A2   Appendix 2:  The 'Church Warden' model of community engagement

Church Wardens are lay-members of the established Christian church, i.e. not ordained priests, who are committed to the practice of Christianity, are regular in their involvement in church rituals, who are respected in their local community and who are therefore called upon to be closely involved in the running of the local church – wardens of the church.  Their duties involve administration, maintenance and care-taking.  Therefore their role is an intermediary between religious authority and civil authority.

In grafting the equivalent of this role onto masjids, I am explicitly excluding masjid trustees, committee members and “community leaders”.  In fact, invariably, these people exclude themselves, because they are respectively, first-generation elders out of touch with public society, or highly protective defenders of the obstructive and ostrich-blind status quo (who are rarely seen in the masjid anyway), or self-appointed guardians of the selective self-interest of a domineering ethnic group or blood-sharing, biraderi tribe and its party-political interests, many of whom would struggle to know where the masjid actually is.

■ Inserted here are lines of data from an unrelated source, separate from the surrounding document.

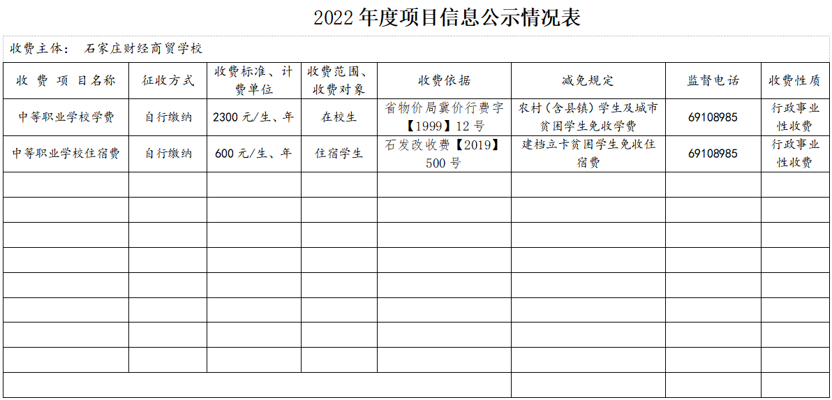 2022年度收費(fèi)項(xiàng)目信息公示情況表
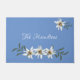 ヨーロッパインスパイアのドアマットで、青い色で描かれ、白いエデルワイスの花のグラフィックスが描かれています。 必要に応じて、ホワイトカスタム文字をカスタマイズします。
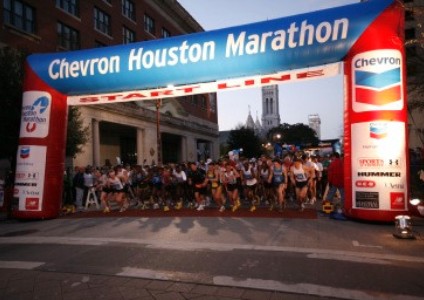 The temperature was perfect and the sun was shining on the runners under the skyscrapers in Houston, Texas today.
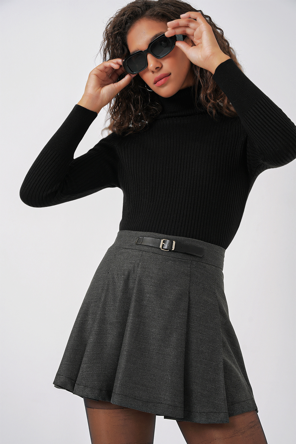 4335 Kadın Kemerli Mini Şort Etek - Antrasit 4335 Kadın Kemerli Mini Şort Etek - Antrasit 4335BGD19 40
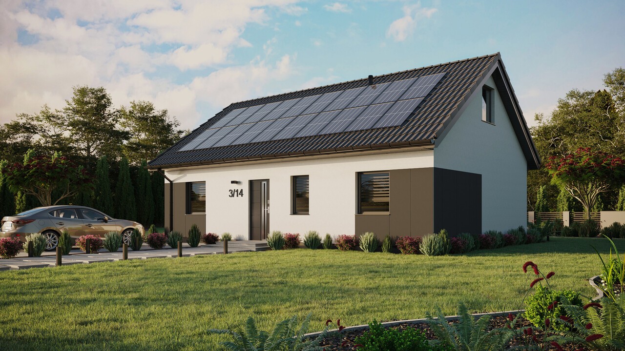 ERDOL 3 in der gewählten Konfiguration hat ein Satteldach mit nutzbarem Dachgeschoss mit einer Neigungswinkel 35 Grad und ist mit EUROCOLOR SYNEGO PVC-Tischlerarbeiten auf einem 80 mm breiten Profil der Marke REHAU in den Farben Anthrazit ausgestattet.
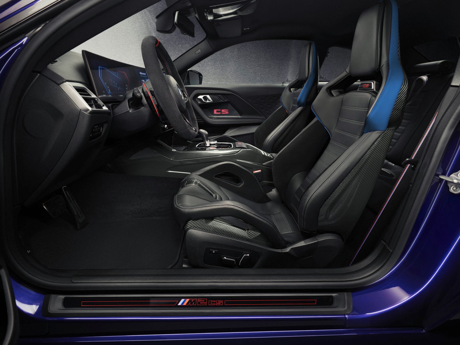 Pas de fioritures sur la M2 CS : chaque élément de design répond à une fonction. Le splitter avant, la calandre noire spécifique, le diffuseur arrière et le becquet façon queue de canard ne sont pas là que pour le show : ils participent à la stabilité à haute vitesse. Les quatre coloris disponibles, dont le Bleu Velours métallisé BMW Individual, renforcent le caractère exclusif de cette édition limitée. Et que dire des phares M Shadowline ? Leur regard sombre souligne une identité visuelle aussi musclée qu’élégante.
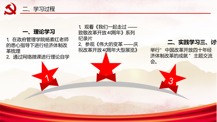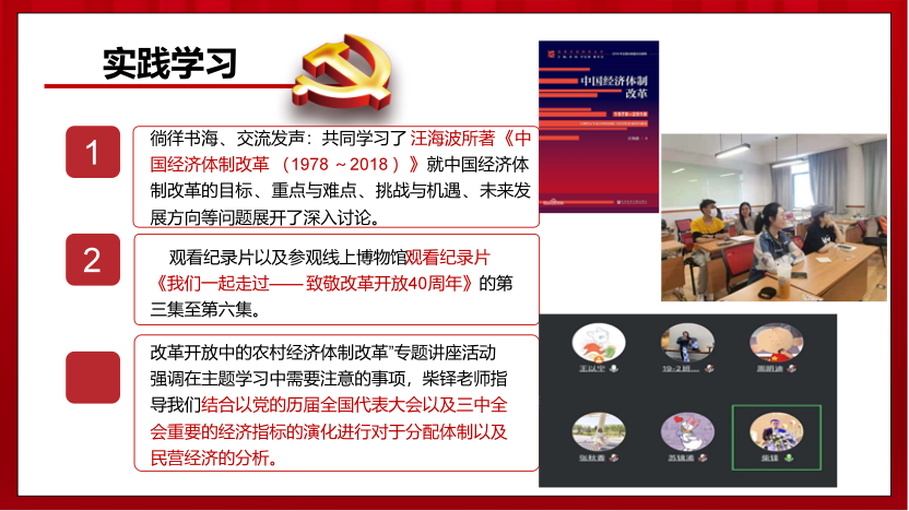 “星星之火,可以燎原”。“燎原”小组成员通过对改革开放四十年经济体制改革的系统学习,认识到中国在四十年间的经济飞跃在人类历史上是绝无仅有的壮举。作为新时代的青年老员工,必须在追随党的领导的同时不断加强自己的科学文化素养、思想道德素养,党性修养,才能真正成为社会主义事业的接班人。作为一名要求进步的老员工,将自己的个人理想与我们伟大中国梦结合起来。以小我之青春,筑中国之辉煌,无愧于时代和人民。
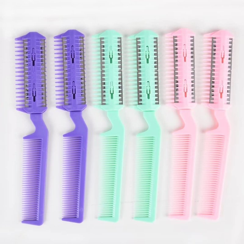 - Package includes: 6 pieces razor comb,random color,Plastic Comb with 2pcs Shielded stainless steel blade, make it can be applied for longer time;Dual side cutting scissors, double edge razor blades
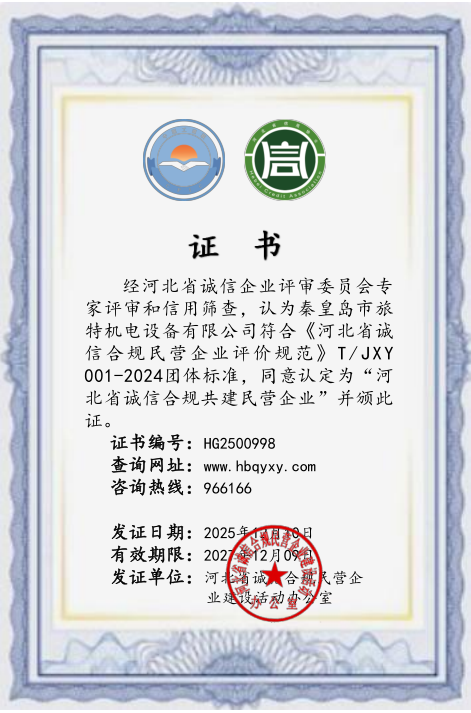 經河北省誠信企業評審委員會專家評審和信用篩查,認定為秦皇島市旅特機電設備有限公司符合《河北省誠信合規民營企業評價規范》T/JXY001-2024團體標準,同意認定為‘’河北省誠信合規共建民營企業”并頒此證。
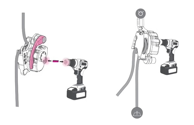 The Z3 series is an innovative electric ascent and descent device. Both the Z3 and Z2 series are powered by a drill. However, unlike the Z2, the Z3 employs a rope-clamping mechanism that provides smooth, impact-free lowering, similar to traditional descenders. The Z3 series also features a proprietary dual self-locking system—if the primary ratchet lock fails, a built-in backup system automatically engages during a fall, greatly enhancing safety.

To define who qualifies as a putative Muslim equivalent of a church warden, there is currently nobody in such a role.  Our objective is to create the role from scratch and to use it to construct an alternative security structure for the masjid around such a role.  (I am not for a moment suggesting that these people exercise physical control like nightclub bouncers or uniformed guards – rather they act as moderators whose authority rests in a combination of awareness, sound judgement, the trust of the masjid’s usual users, and, now to be created, strong links with sources of public authority in the local community, i.e. the police and local government officials.)  In any masjid there are a small number of people who attend the salaah regularly several times a day, most days of the week.  They are given little or no say in the affairs of the masjid, but they understand its security needs, its politics and its challenges better than anybody.  Among the masjid’s challenges will be the induction of newcomers, neophytes, and those who would induce them, whether to a mainstream version of Islam or to a challenging version, the latter including any conceivable variation of liberal, conservative, civil, militant and potentially, violent extremist. 

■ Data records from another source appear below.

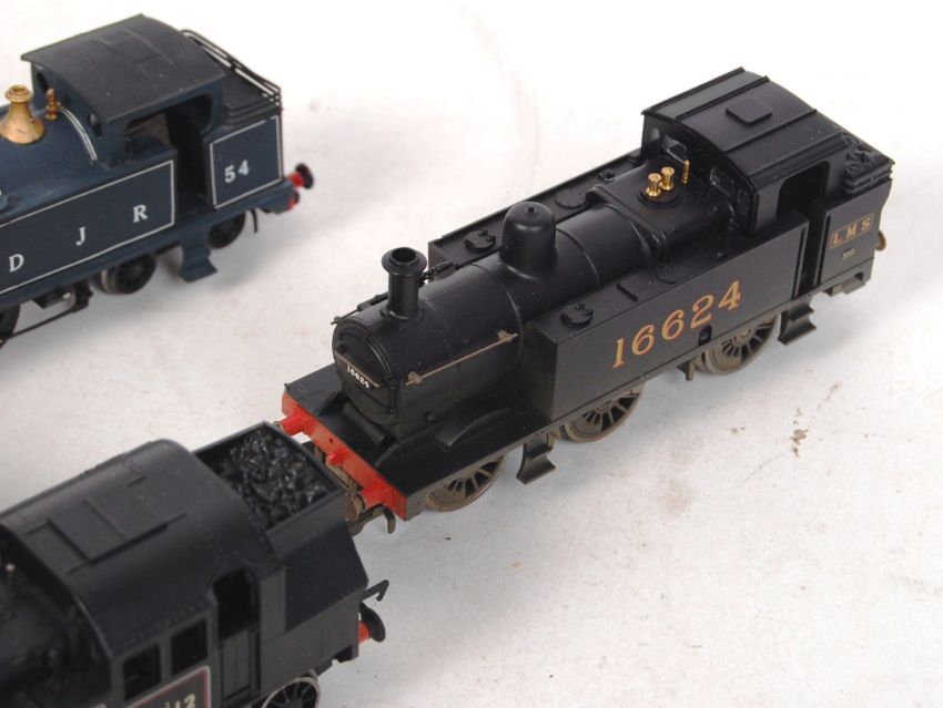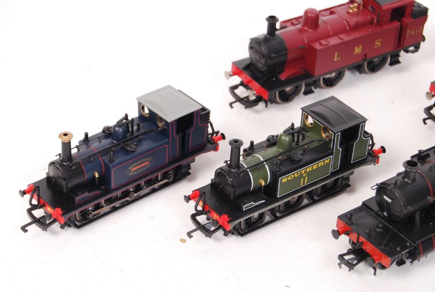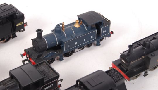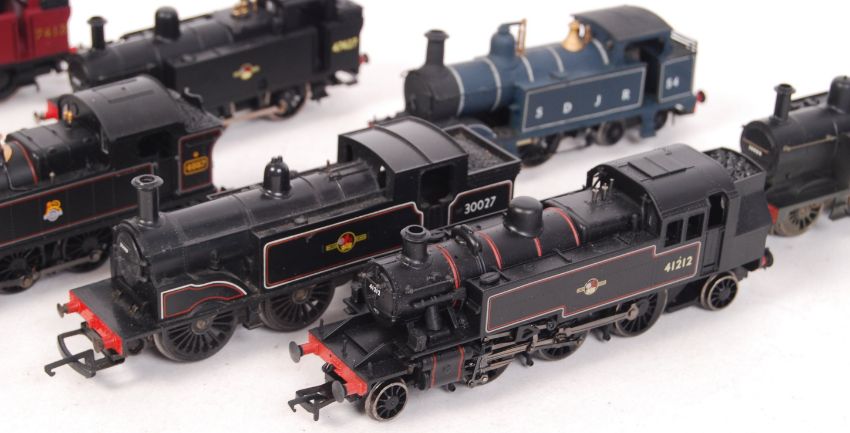 A good collection of 9x assorted make 00 gauge model rail railway trainset locomotives. To include; Hornby , Bachmann and others. Comprising: Hornby 7413 LMS, Hornby Bodiam , Hornby Southern II , kit built SDJR 54 loco (blue), Bachmann 41212 , Bachmann 4557 , Hornby 30027, Hornby 47427 (body loose) and Hornby 16624 (weathered) (body loose). All generally appear very good / mint.  Note: from an incredible large private collection of 00 gauge model rail locomotives. All locomotives were only ever displayed, never run. They were purchased new, removed from their boxes and displayed in wall mountable cabinets. As such, condition on all is 'as new' (whether boxed or not). Buyers are reminded for the need to satisfy themselves as to condition of individual lots prior to bidding - irrespective of description - as condition on some, may vary. All models are generally mint. An incredible collection.
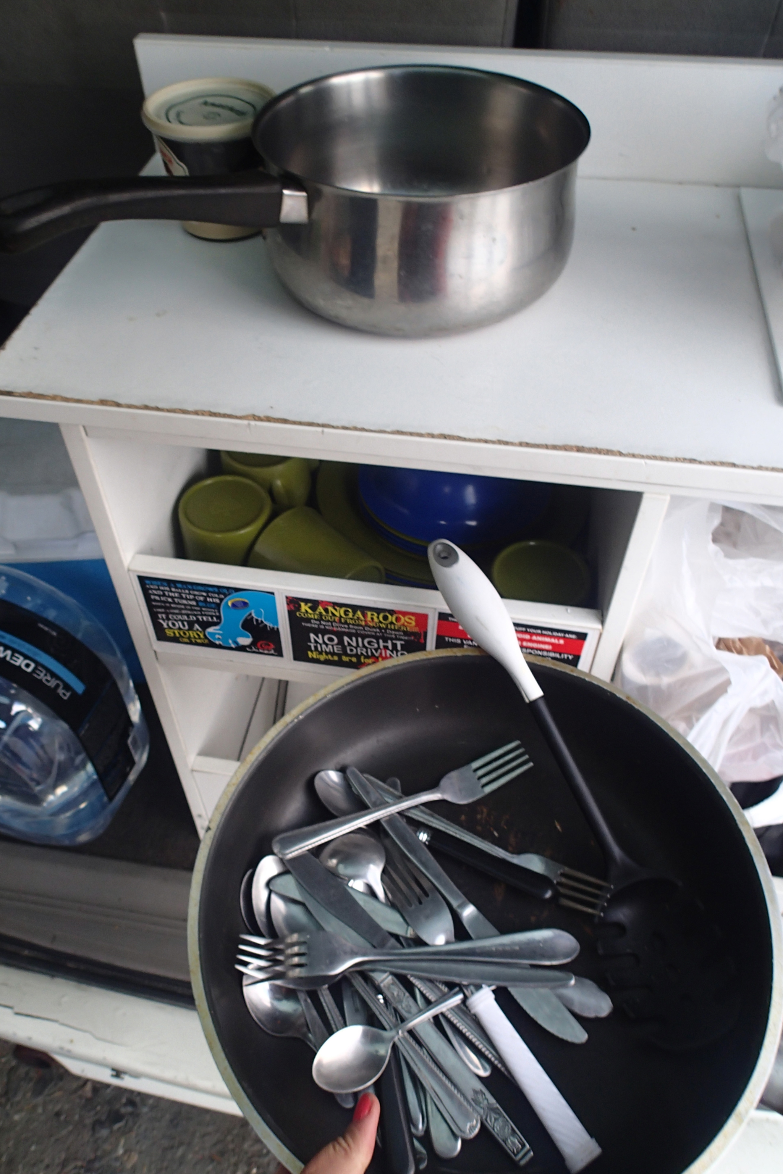 Kjøkkenutstyret mangler ikkje i bilen nei..
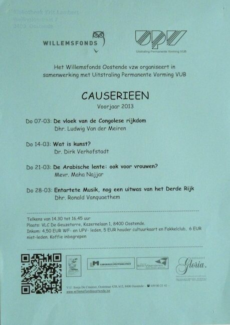 Affiche : Willemsfonds. Causerieen voorjaar 2013. VLC De Geuzetorre. 7/3 tot 28/3/2013
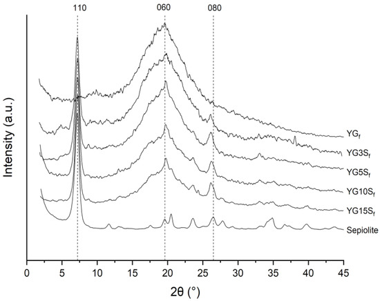 Diffractograms of pristine sepiolite, plasticized starch film (YGf) and nanocomposites films with sepiolite at different loadings (YG3Sf, YG5Sf, YG10Sf and YG15Sf).
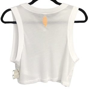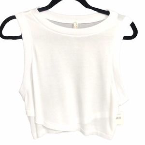 A wrapped-look front and an embroidery detail at the back soften this cropped style cut with muscle tank-inspired armholes and a no-nonsense crewneck.
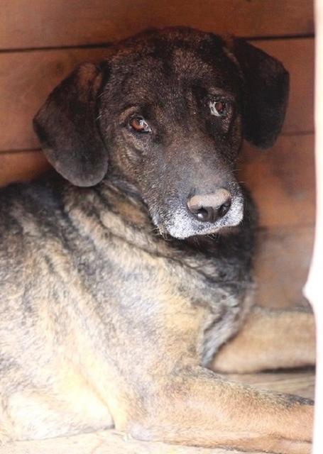 RUMER ist ein freundlicher Rüde, der Leckerlies aus der Hand nimmt, sich aber noch nicht anfassen lassen möchte. Er ist nicht panisch oder geht nach vorne, aber er weiß einfach nicht so recht, was er von uns halten soll und vertraut noch nicht.

To create the ‘church warden’ role it is necessary to reproduce attributes comparable to the Christian Church’s equivalent, and to side-step the retarding influence of the incumbent management without actually antagonising masjid management into its customary obstructiveness.  First however it is essential to state what the ultimate intention is.  This is to create a small body of people in each Muslim community who have high quality trusted relationships with the authorities in that area.  The epitome of such a body would be the peculiar British institution of Special Constables, volunteer warranted police officers,

  • drawn from relatively young, conscientious Muslims that are closely involved with their local masjids;
  • who are in tune with the need to apply decent standards of behaviour to sectarian and schismatic tensions in the Muslim community;
  • who will recognise the potential susceptibility of neophytes and those on the fringes of the religious community to the attractions of extremism;
  • whose passive presence will deter extremists from exploiting the vulnerabilities of the masjid;
  • who will be able to act with authority and gravitas within the community without necessarily drawing on their warranted powers, to intervene appropriately before any criminal line has been crossed;
  • who will be able to explain and interpret situations accurately to their peers within the police, local and other authorities to head off misunderstood, critical situations;
  • whose presence will remove the need for the incumbent, obstructive management to block any more wholesome diverse activities from being established in the masjid.

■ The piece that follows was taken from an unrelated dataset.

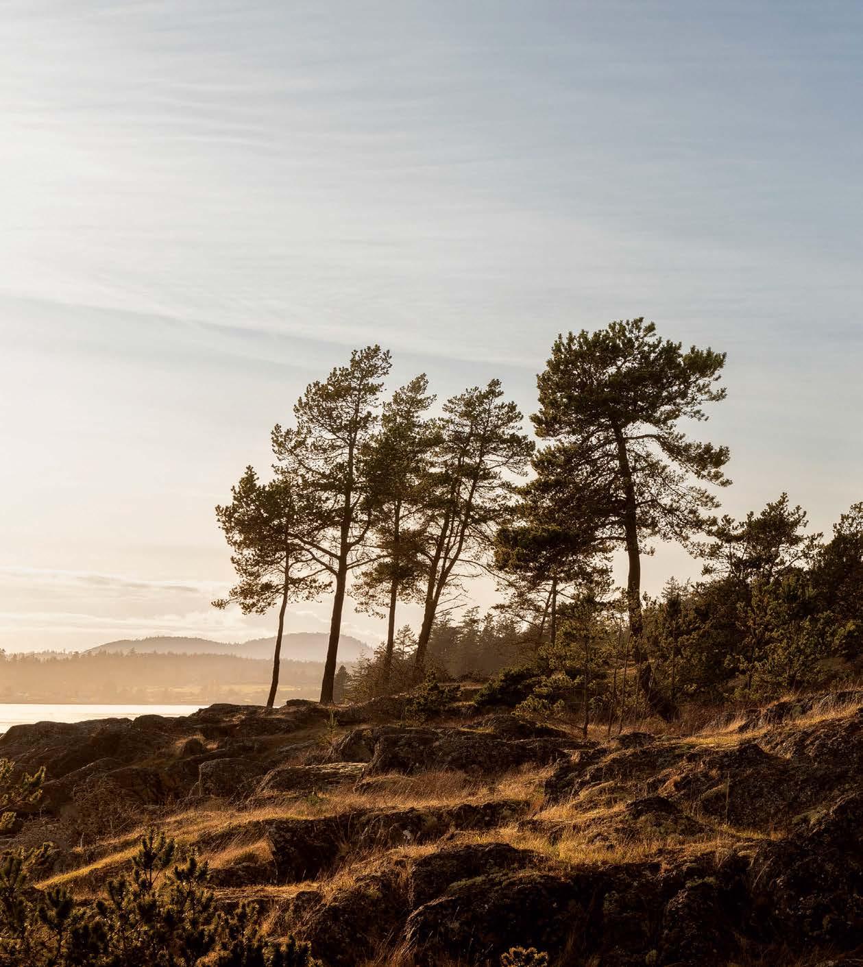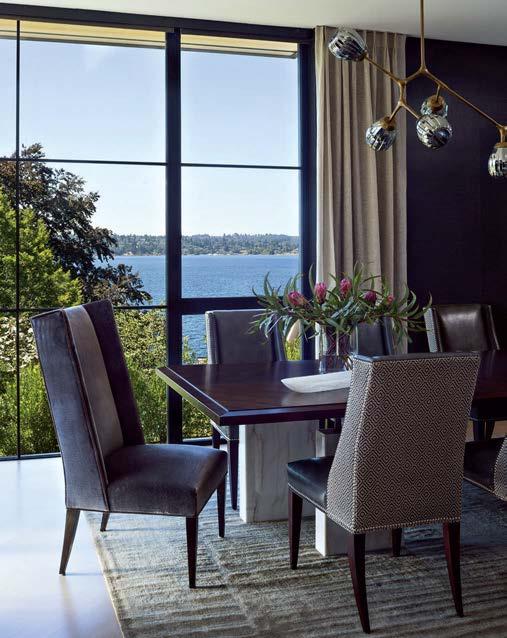 The beauty of Washington’s San Juan Island is wild and muscular, with lush old-growth forests populated by tall Douglas firs; wide grassy vistas overlooking the Salish Sea; and rugged hillsides that roll down into rocky beaches strewn with substantial driftwood logs. Perched on a promontory, this abode has a front-row seat to those water views and other, nottoo-distant islands. “We knew immediately that this was a special house,” says interior designer Andy Beers, who collaborated on the dwelling’s remodel with architects Dan Wickline, Philip Burkhardt and Christine Dennett. “The site is wrapped by the sea, and it’s not uncommon to see pods of orcas swimming by. It’s majestic and otherworldly.”
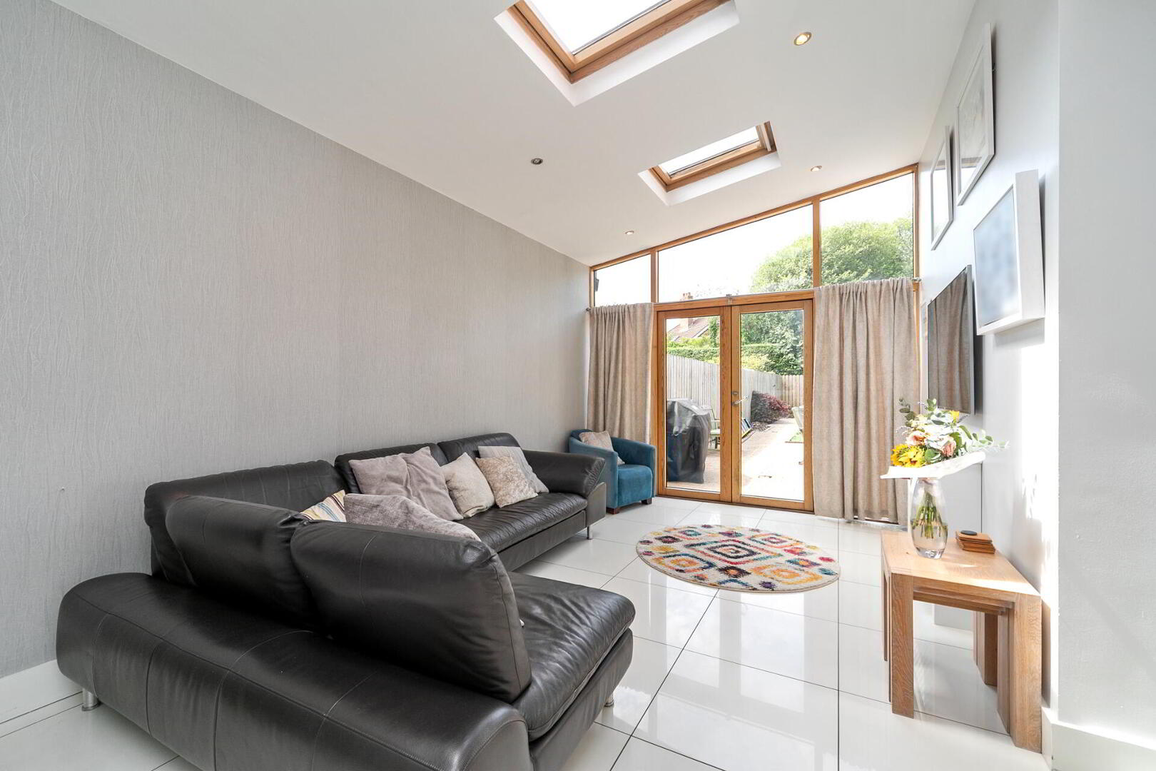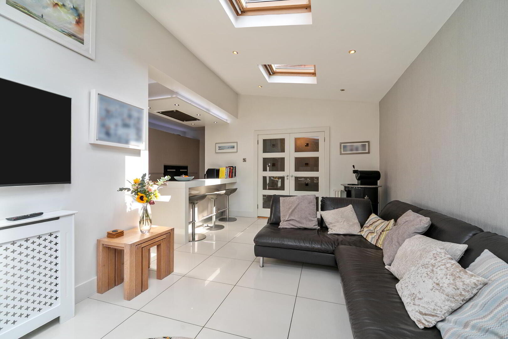 SUN ROOM / FAMILY ROOM 19' 1" x 10' 2" (5.84m x 3.11m) Tiled floor, recessed low voltage spotlights, Velux skylight, patio doors to rear garden.

That is quite a list of responsibilities, but most of them can be achieved simply by such people being present at frequent intervals and having the right degree of respect among their co-religionist peers.  While Special Constables epitomise this position, the role is viably filled with anyone who has both the respect of and personal relationships with the masjid congregation and the local community’s sources of authority.  The vital point is that it replaces the current, pervasive security structure in which the masjid is presumed secure as long as any activities are banned unless they conform precisely to the limited and archaic views of the decrepit management and trustees.  (Comparable, though perhaps less spectacularly authoritative, alternatives to Special Constables might include St John Ambulance volunteers, or in some areas, volunteer part-time firemen, perhaps, but ultimately this does not require such formalised basis for authority.)

Please note that although this need has arisen from the circumstances of the Muslim community, there is absolutely nothing in this that could not be applied with just as much value to any other community, religious or social or political, that involves the need to manage collective social space – places of worship, sports facilities, social clubs, voluntary groups etc.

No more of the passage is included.